Lágrimas del alma (cap 2)

Dos días. Dos días habían bastado para que Matt, o ‘el chico nuevo’ se hiciera con una reputación nada envidiable. Expulsado de su colegio por razones desconocidas, un pésimo carácter capaz de doblegar hasta la más feroz de nuestras institutrices, y abandonado por sus padres a tan solo un año de la mayoría de edad, no era sorpresa que muchos se interesaran por el. Pero aprendo rápido y la vida me ha enseñado a cuidarme las espaldas. Por eso no le hablo. No he cruzado palabra con el, todo lo que se, lo he oído de las murmuraciones de los niños, o de los más grandes. En la cena se sienta solo, aislado y pasa el día encerrado en su cuarto, como la mayoría de nosotros. Incluso en las denominadas ‘clases’ pasa desapercibido… en cuanto alguien quiere cruzar palabra con el, el veneno que escupe es suficiente para disuadir al curioso.

Claro que, a pesar de que una intente, la vida no me dará un respiro.

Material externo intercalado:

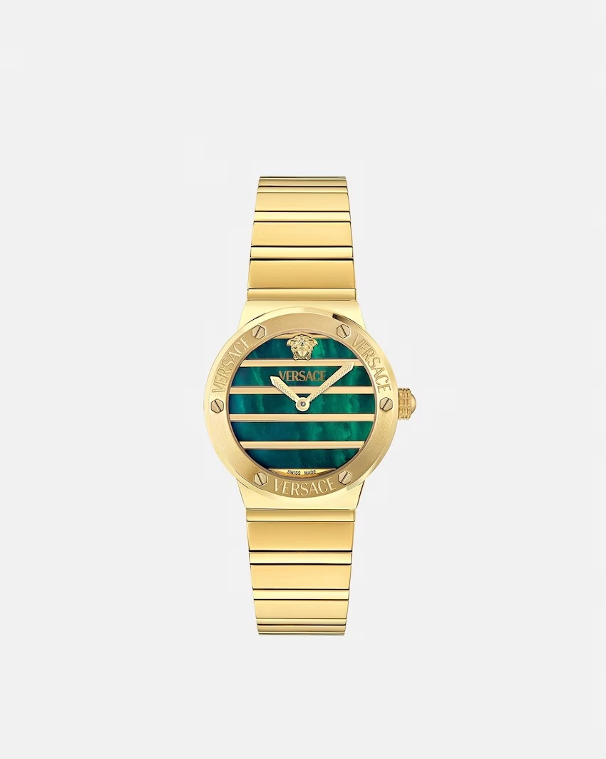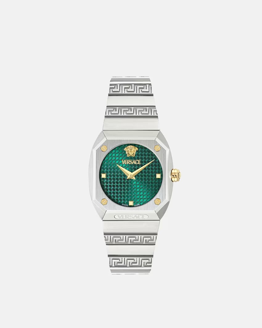 Versace Antlia Watch A modern classic that pairs Versace’s iconic Greca pattern with a striking green dial. The Antlia features a 34 mm stainless steel case crafted entirely from recycled materials, reflecting the brand’s commitment to conscious luxury. Swiss quartz movement ensures perfect precision, while the butterfly clasp bracelet adds an effortlessly refined finish.

Aunque sea por unos minutos.

Camino con lentitud hacia la sala de música, pensando en lo increíblemente aburrida y tediosa que se ha vuelto la clase. Siempre es lo mismo, cantar, tocar, oír, y escribir canciones que hablan sobre la alegría de la vida. ¿No deberíamos cantar algo más acorde al lugar donde estamos? ¿De qué sirve relatar la vida de un niño con padres si la mayoría de aquí no los tienen, y la otra parte han sido abandonados?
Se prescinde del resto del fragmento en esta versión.